O título do Finais garantiu para a dupla o maior prêmio da história do vôlei de praia mundial: R$ 585 mil. E, mais do que a grana, a certeza de que Ágatha e Duda estão no caminho certo para Tóquio.

Outras duas duplas femininas terminaram a temporada no top 10: Maria Elisa e Carol, quartas colocadas em Hamburgo, ficaram em terceiro, enquanto Bárbara Seixas e Fernanda Berti terminaram em sétimo. Vale lembrar que cada país pode ter duas duplas por naipe nos Jogos Olímpicos.

No masculino, as constantes mudanças nas principais parcerias deixaram o Brasil fora do Finals de Hamburgo.
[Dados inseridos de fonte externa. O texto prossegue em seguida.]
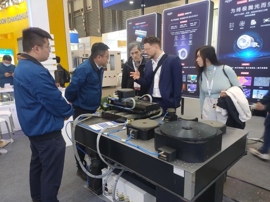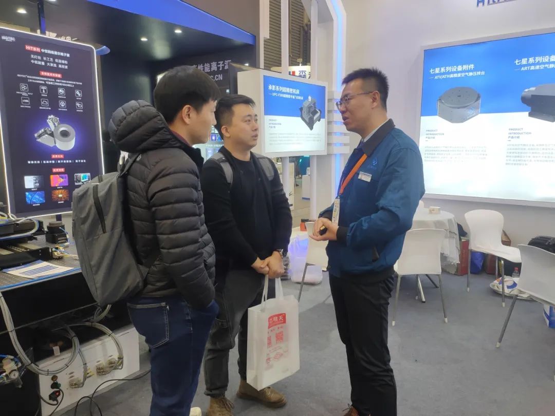 展会现场,公司携带自主研发生产的设备惊艳亮相。超精密单点金刚石车床、高精度空气静压转台、高精度空气静压导轨等产品,吸引了众多观展嘉宾的关注。

No ranking atualizado nesta segunda-feira pela Federação Internacional, a “melhor” dupla é Evandro e Vitor Felipe, em 19º, com apenas seis torneios jogados. Alison e André Stein, com o mesmo número de aparições internacionais, está em 30º, com Pedro Solberg e Bruno Schmidt em 35º. Se as duplas forem mantidas na segunda metade do ciclo olímpico, é de se esperar que todos subam no ranking e passem a disputar colocações bem melhores a partir de 2019.